Когда на одной чаше весов находятся человеческие страдания, а на другой — бюджетные деньги, во многих случаях выбор чиновников пугающе очевиден. Наша история как раз об этом. А еще о том, как система реагирует, если страдающий человек вдруг решает бороться за свои права.
Коротко
Героине этой истории пришлось самой спасать себя от страшной болезни — лимфомы Ходжкина. Хотя лечение ей назначили и должны были провести за счет бюджета. Официальная позиция местных медиков — девушке вполне подошел бы вариант химиотерапии, после которой человеку необходимо месяц находиться в барокамере и надеяться, что он не умрет. Неофициальная причина — на более щадящий и передовой метод лечения нужно выделять относительно крупную сумму денег из бюджета, а средств постоянно не хватает.
Не получив требуемой помощи в Саратове, девушка за свой счет прошла лечение в Санкт-Петербурге. А когда вернулась, обратилась в надзорный орган. Прокуратура подала в суд на областной онкологический диспансер и министерство здравоохранения региона. Чтобы те возместили расходы, понесенные пациенткой для спасения жизни.

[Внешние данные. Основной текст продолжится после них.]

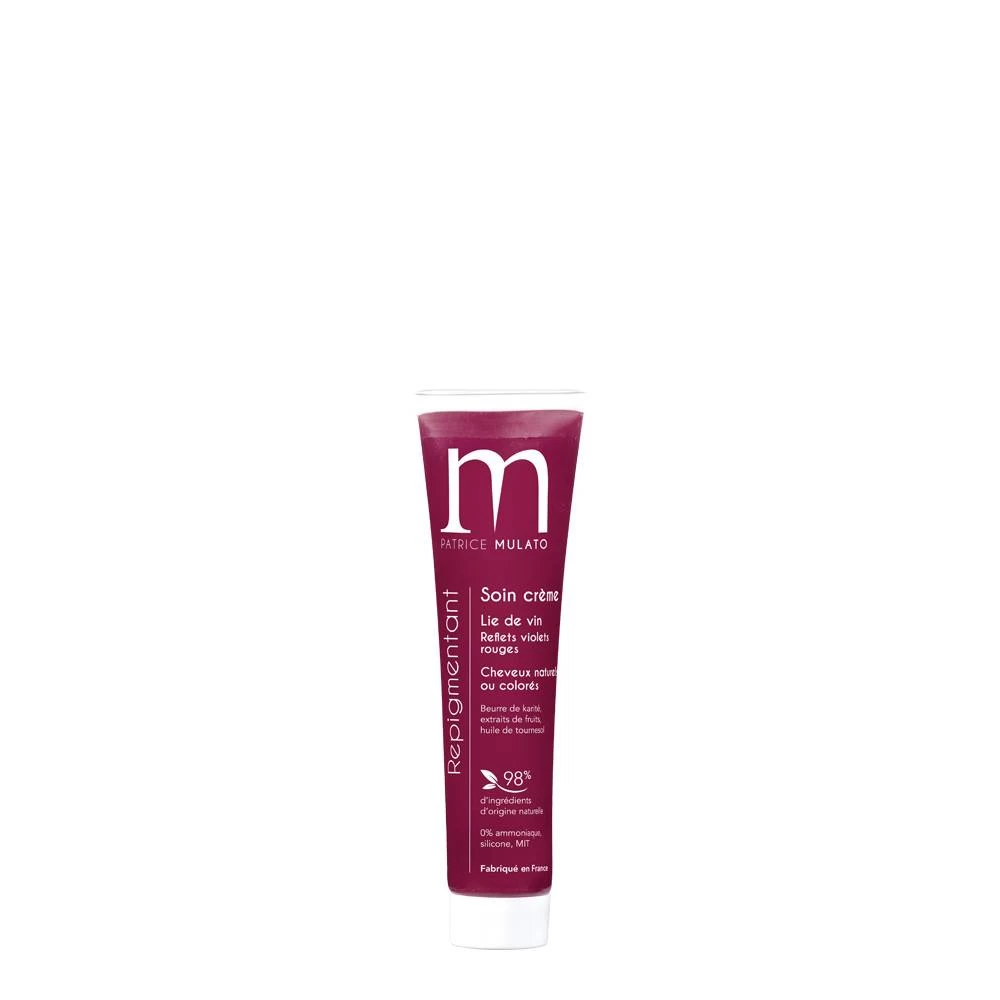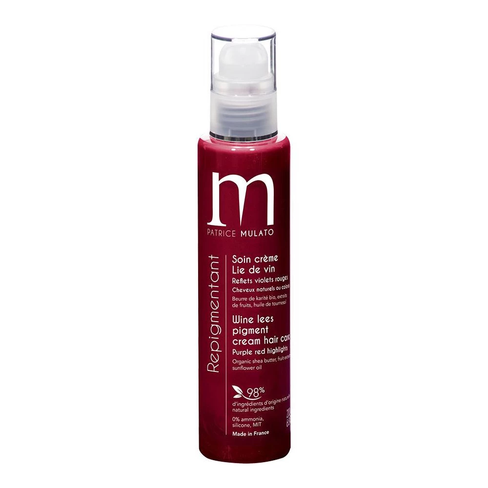 Soin Repigmentant Lie De Vin Patrice Mulato : soin crème lie de vin pour cheveux naturels ou colorés, reflets violets rouges. Composé de beurre de Karité bio, aux extraits de fruit et huile de tournesol. 98% d’ingrédients d’origine naturelle, 0% d’ammoniaque, eau oxygénée, silicone et paraben. Fabriqué en France.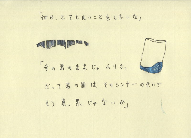 だって君の歯はそのシンナーのせいで、もう真っ黒じゃないか。」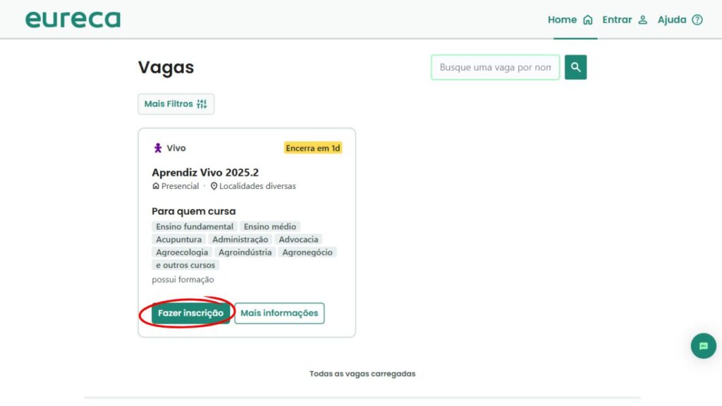 3️⃣ Na plataforma da Eureca, localize a vaga com o nome “Aprendiz Vivo“.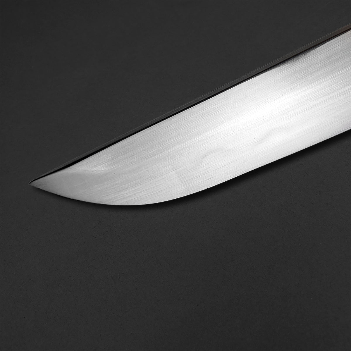 The wood handle is real ray skin wrapped in traditional black cotton cord. It also features brass Fuchi and Kashira.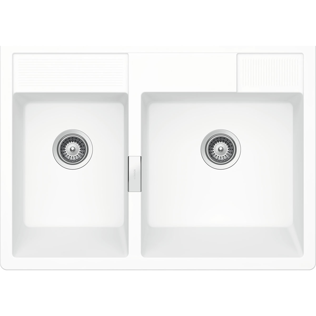 - Möjlighet till hål för blandare, fyrkantigt bräddavlopp och korgventil i rostfritt stål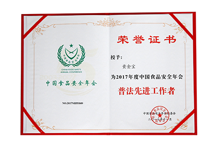 黄金宝董事长被授予2017年度中国食品安全年会“普法先进工作者”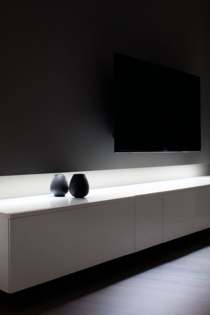 Imagine a low-profile, matte black or polished wood console with clean lines and hidden storage compartments. It seamlessly houses your TV, electronics, and accessories, keeping everything tidy. The smooth surface and minimal hardware emphasize simplicity and luxury. Surround it with plush seating and layered textiles that soften the modern lines, creating a balanced, upscale vibe. The overall scene is sleek, organized, and inviting.
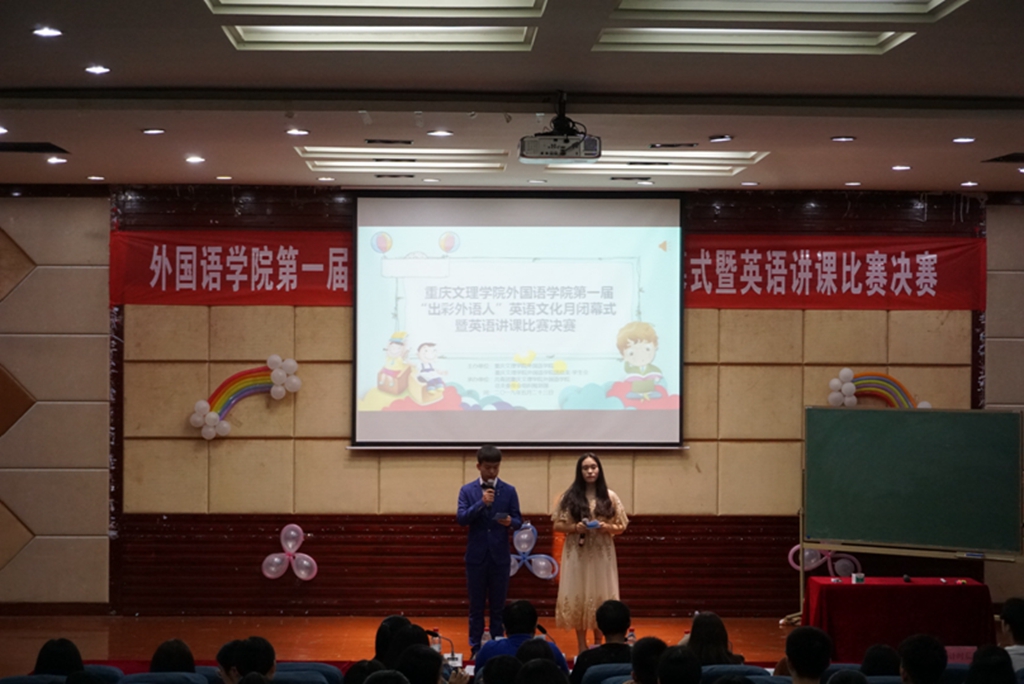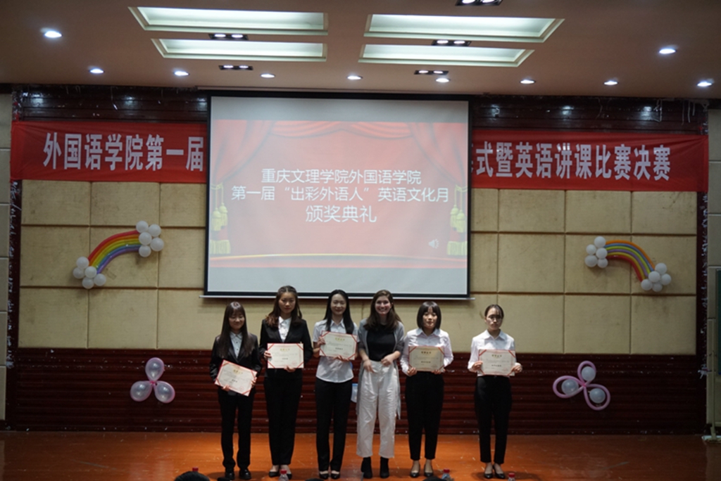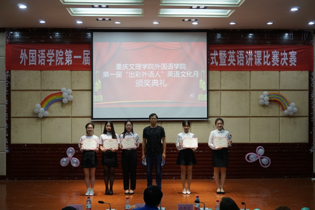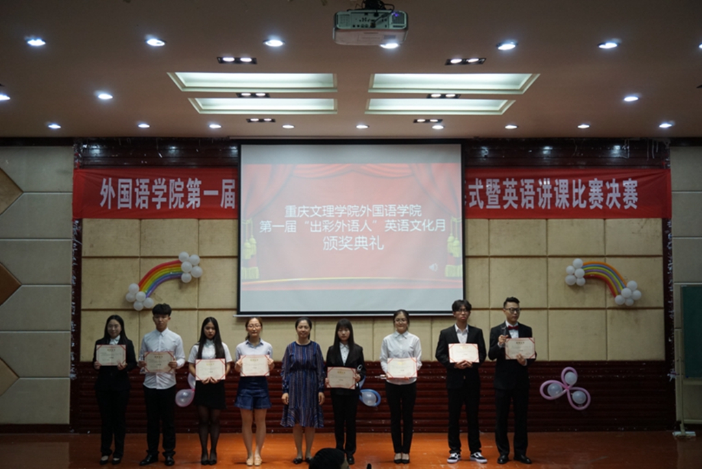 随后举行我院第一届“出彩外语人”英语文化月颁奖典礼。四位评委老师分别为三个子项目即英语新闻大赛、英语辩论赛、英语讲课比的获奖者进行了颁奖。最后,本次活动在我院团总支·学生会文艺活动部带来的精彩英文歌串表演中落下了帷幕。

Исход дела может решить экспертиза, которая установит — правомерно ли саратовские медики отказали девушке? Однако судья поручил проведение этой экспертизы организации, учредителем которой является один из ответчиков — министерство здравоохранения Саратовской области.
Контекст
По данным Министерства здравоохранения России, в 2018 году Саратовская область оказалась на четвертом месте среди регионов Приволжского федерального округа по заболеваемости онкологией. Соответствующий диагноз был поставлен 11,1 тысячи человек. В 55 случаях больными оказывались дети. На конец года на учете состояло 64 тысячи жителей. Меньше года с момента постановки диагноза прожили 22,3 процента пациентов. В 20,7 процента случаев диагноз был поставлен на четвертой стадии, в 32-х — на первой.
Цитата
«Ведь новые препараты для того и придумывают, чтобы облегчить лечение. Но в регионах они применяются с большим скрипом. Знаете, когда они без проблем применяются? Только когда ты уже прошел девять кругов ада…».
Начало
— Я заболела в октябре 2016 года. У меня была выявлена лимфома Ходжкина — онкология лимфатической системы. Лечили в областном онкологическом диспансере, который находится в Саратове в Смирновском ущелье. Первые полгода — по стандартной схеме, которая применяется для всех, кто впервые заболел.
Это достаточно эффективная схема, в 90 процентов случаев она помогает, излечивает людей. Но есть еще 10 процентов, у которых наблюдается резистентность — то есть, они оказываются устойчивы к схеме лечения и она не помогает. Соответственно, с ними все гораздо сложнее. Я попала в эти 10 процентов. На фоне проводимого лечения у меня начали появляться новые очаги.
Мне сказали: выбирайте любой федеральный центр — Москва или Питер. Там уже специалисты определят дальнейшую тактику вашего лечения. Потому что это сложный клинический случай. Здесь, на местах, лечат на основании рекомендаций специалистов федеральных центров. Не знаю, прописано ли это где-то, но медицинская практика складывается именно так.
Я выбрала Питер и поехала туда. В НИИ детской онкологии, гематологии и трансплантологии имени Горбачевой. Там прописали новую схему, которую мне уже в Саратове после этого применяли. Это так работает: каждые три месяца приезжаешь на контрольное обследование в Санкт-Петербург, там дают рекомендации — продолжить лечение по выбранной схеме или поменять ее. На протяжении полутора лет ко мне таким образом применили две схемы лечения. Обе они были дорогостоящие и нестандартные. Все оплачивалось местным бюджетом.
Традиционная ориентация
— Наступил злополучный декабрь 2018 года. В Питере мне провели ПЭТ КТ обследование (позитронно-эмиссионная томография, — прим. авт.) и сказали, что в очередной раз необходимо менять тактику лечения. Назначили лечение препаратами брентуксимаб и бендамустин. Этот курс рассчитан на три месяца.
Я вернулась из Питера в декабре 2018 года. Все делала оперативно, сразу с самолета побежала в онкодиспансер. Там мне сказали, что таких препаратов, которые рекомендованы федеральными специалистами, у них нет. Их необходимо закупать, а на то время, пока будут это делать, меня продолжат лечить по старой схеме. Потому что на проведение аукционов нужно как минимум месяц.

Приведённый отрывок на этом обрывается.